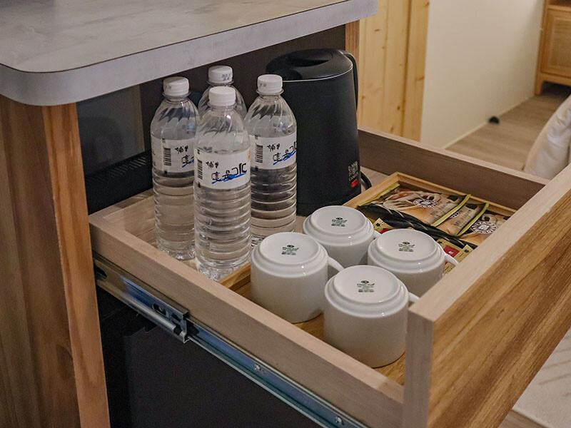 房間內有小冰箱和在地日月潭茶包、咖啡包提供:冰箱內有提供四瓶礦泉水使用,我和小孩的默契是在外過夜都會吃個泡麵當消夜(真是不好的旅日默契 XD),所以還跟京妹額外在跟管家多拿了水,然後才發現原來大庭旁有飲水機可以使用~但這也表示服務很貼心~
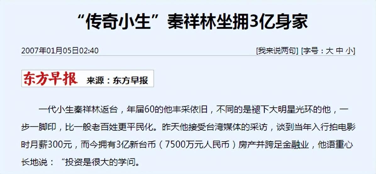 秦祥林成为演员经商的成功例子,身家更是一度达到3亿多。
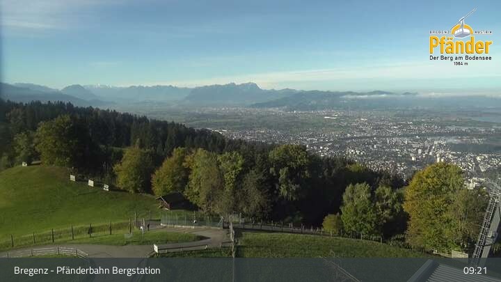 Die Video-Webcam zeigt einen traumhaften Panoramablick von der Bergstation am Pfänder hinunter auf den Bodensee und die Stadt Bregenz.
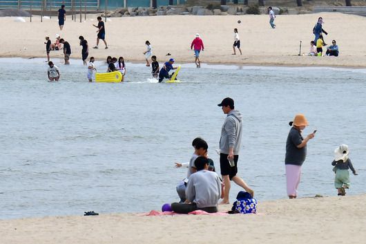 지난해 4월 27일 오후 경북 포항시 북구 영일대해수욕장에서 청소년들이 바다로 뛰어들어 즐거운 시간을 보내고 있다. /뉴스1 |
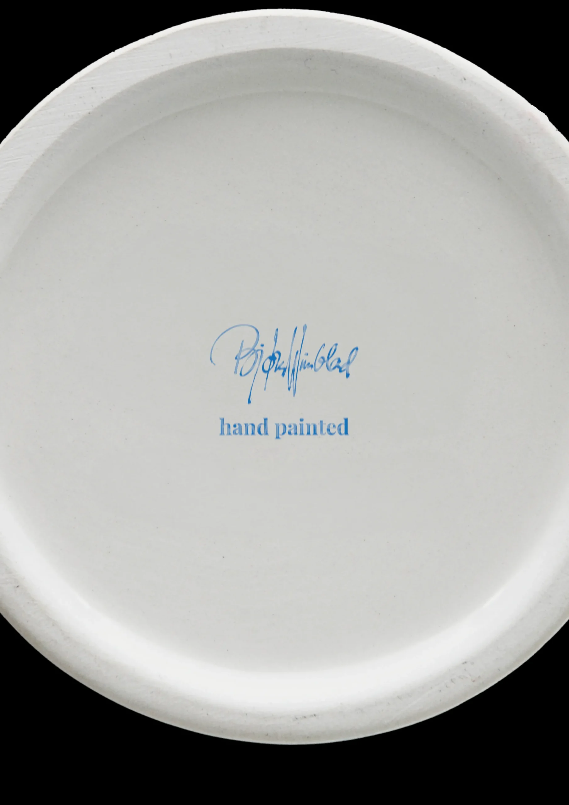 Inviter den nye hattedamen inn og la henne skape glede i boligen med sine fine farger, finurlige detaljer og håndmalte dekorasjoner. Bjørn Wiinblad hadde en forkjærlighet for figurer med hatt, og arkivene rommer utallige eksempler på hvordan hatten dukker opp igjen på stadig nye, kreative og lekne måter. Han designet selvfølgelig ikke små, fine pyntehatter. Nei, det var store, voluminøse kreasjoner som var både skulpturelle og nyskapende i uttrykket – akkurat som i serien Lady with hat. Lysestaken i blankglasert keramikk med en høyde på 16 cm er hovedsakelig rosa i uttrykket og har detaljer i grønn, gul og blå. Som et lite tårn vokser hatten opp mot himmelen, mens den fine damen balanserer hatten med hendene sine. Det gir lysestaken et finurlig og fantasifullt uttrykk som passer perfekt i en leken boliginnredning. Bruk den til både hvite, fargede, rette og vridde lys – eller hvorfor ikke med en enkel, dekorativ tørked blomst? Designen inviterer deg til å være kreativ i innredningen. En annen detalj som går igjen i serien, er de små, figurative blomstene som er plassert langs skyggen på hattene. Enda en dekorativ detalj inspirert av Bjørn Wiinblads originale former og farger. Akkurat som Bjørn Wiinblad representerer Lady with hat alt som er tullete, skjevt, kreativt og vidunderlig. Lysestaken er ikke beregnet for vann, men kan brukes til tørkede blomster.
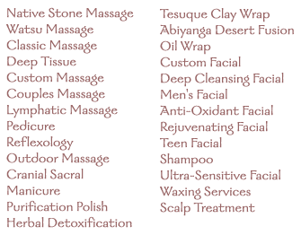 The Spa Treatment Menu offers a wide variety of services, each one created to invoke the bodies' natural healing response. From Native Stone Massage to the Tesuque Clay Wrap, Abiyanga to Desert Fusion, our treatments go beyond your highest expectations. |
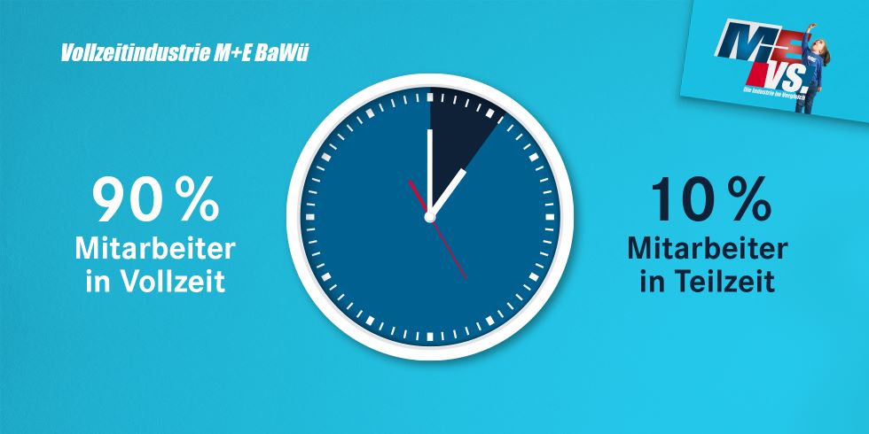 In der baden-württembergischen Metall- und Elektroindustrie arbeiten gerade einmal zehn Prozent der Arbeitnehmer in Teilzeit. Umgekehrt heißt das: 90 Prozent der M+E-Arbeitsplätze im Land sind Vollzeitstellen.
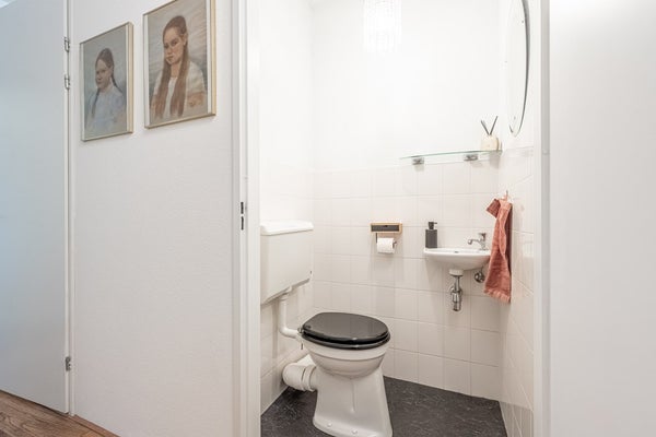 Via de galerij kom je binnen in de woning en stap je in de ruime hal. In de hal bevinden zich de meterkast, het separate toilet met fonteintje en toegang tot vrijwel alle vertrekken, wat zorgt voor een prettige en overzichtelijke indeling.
########################################
* _TASK OBJECTIVE_: Above this task is a listing with pictures in it. Retype only the lines from the one containing "秦祥林成为演员经商的成功例子,身家更是一度达到3亿多。" through the one containing "지난해 4월 27일 오후", both included, and not the pictures.

* _RESULT BELOW_:
 秦祥林成为演员经商的成功例子,身家更是一度达到3亿多。
 Die Video-Webcam zeigt einen traumhaften Panoramablick von der Bergstation am Pfänder hinunter auf den Bodensee und die Stadt Bregenz.
 지난해 4월 27일 오후 경북 포항시 북구 영일대해수욕장에서 청소년들이 바다로 뛰어들어 즐거운 시간을 보내고 있다. /뉴스1 |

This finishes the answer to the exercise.